10:記憶體 20:處理器 30:伺服器監控程式 101:收集模組 102:存儲模組 103:分析模組 104:輸出模組 105:轉換模組 100:伺服器監控裝置10: Memory 20: Processor 30: Server monitoring program 101: Collect Mods 102: Storage Module 103: Analysis Module 104: Output module 105: Conversion module 100: Server monitoring device

圖1是本發明一實施方式之伺服器監控裝置之功能模組圖。FIG. 1 is a functional module diagram of a server monitoring device according to an embodiment of the present invention.

圖2是本發明一實施方式之伺服器監控程式之功能模組圖。FIG. 2 is a functional module diagram of a server monitoring program according to an embodiment of the present invention.

圖3是本發明一實施方式之伺服器監控方法之流程圖。FIG. 3 is a flowchart of a server monitoring method according to an embodiment of the present invention.

Claims

A server monitoring method, the method comprising: collecting SDR data of a server cluster to be monitored, wherein the server cluster to be monitored includes at least one server; Store the collected SDR data in the designated storage area in a preset file format; Analyzing the SDR data in the designated storage area using preset analysis rules to determine whether there is abnormal SDR data; and If the abnormal SDR data exists, the warning information of the abnormal element corresponding to the abnormal SDR data is output.

The server monitoring method according to claim 1, further comprising: obtaining a log file generated by the baseboard management controller of the server cluster to be monitored; and Detecting whether the log file generated by the baseboard management controller is stored in the abnormal log file, and outputting the detected abnormal log file.

The server monitoring method according to claim 2, wherein the abnormal SDR data includes a first type of abnormal SDR data and a second type of abnormal SDR data, wherein the first type of abnormal SDR data can trigger the The baseboard management controller generates a corresponding exception log file, and the abnormal SDR data of the second type cannot trigger the baseboard management controller to generate a corresponding exception log file.

The server monitoring method according to claim 3, further comprising: determining whether a log file corresponding to the abnormal SDR data of the first type exists in the abnormal log file; and If there is no log file corresponding to the abnormal SDR data of the first type in the abnormal log file, a default prompt message is output.
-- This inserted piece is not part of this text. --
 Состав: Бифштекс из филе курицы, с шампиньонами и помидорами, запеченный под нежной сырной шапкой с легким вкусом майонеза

The server monitoring method according to claim 1, wherein if there is abnormal SDR data, the step of outputting the warning information of the abnormal element corresponding to the abnormal SDR data comprises: If stored in the abnormal SDR data, generating an SDR abnormal log file based on the abnormal SDR data; and Outputting the SDR abnormal log file and the warning information of the abnormal element corresponding to the abnormal SDR data.

The server monitoring method according to claim 1, further comprising: converting the collected SDR data into an SDR graph, and outputting the SDR graph; and The collected SDR data is monitored to update the SDR graph.
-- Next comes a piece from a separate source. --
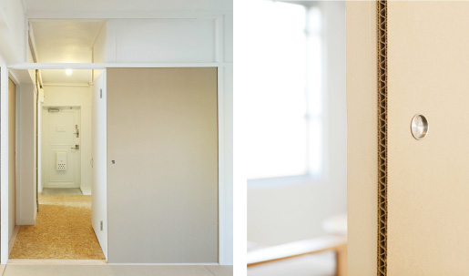 - 一般の物件でURさんが使われているのが、このような襖です。ダンボールの表面に紙を貼って、周囲をプラスチックで補強しています。今回のプロジェクトでは貼ってある紙やプラスチックをなくして、ダンボール自体の素材感を出したほうがこの空間に合うと思いますし、コストも抑えることができると考えました。

The server monitoring method according to claim 1, wherein the abnormal element includes a sensor for monitoring the components of the server and/or the components of the server, and the warning information includes abnormal information and abnormality The time period in which it occurred.

The server monitoring method according to claim 1, further comprising: The system under test associated with the server cluster to be monitored is accessed through a web page to collect the SDR data of the server cluster to be monitored.

A server monitoring device, the device includes a processor and a memory, a plurality of computer programs are stored on the memory, and the processor is used to execute any of the requirements 1 to 8 when executing the computer programs stored in the memory. A step of the described server monitoring method.

A computer-readable storage medium that stores a plurality of instructions, and a plurality of the instructions can be executed by one or more processors to achieve the invention as claimed in any one of claim items 1 to 8. The steps of the server monitoring method described above.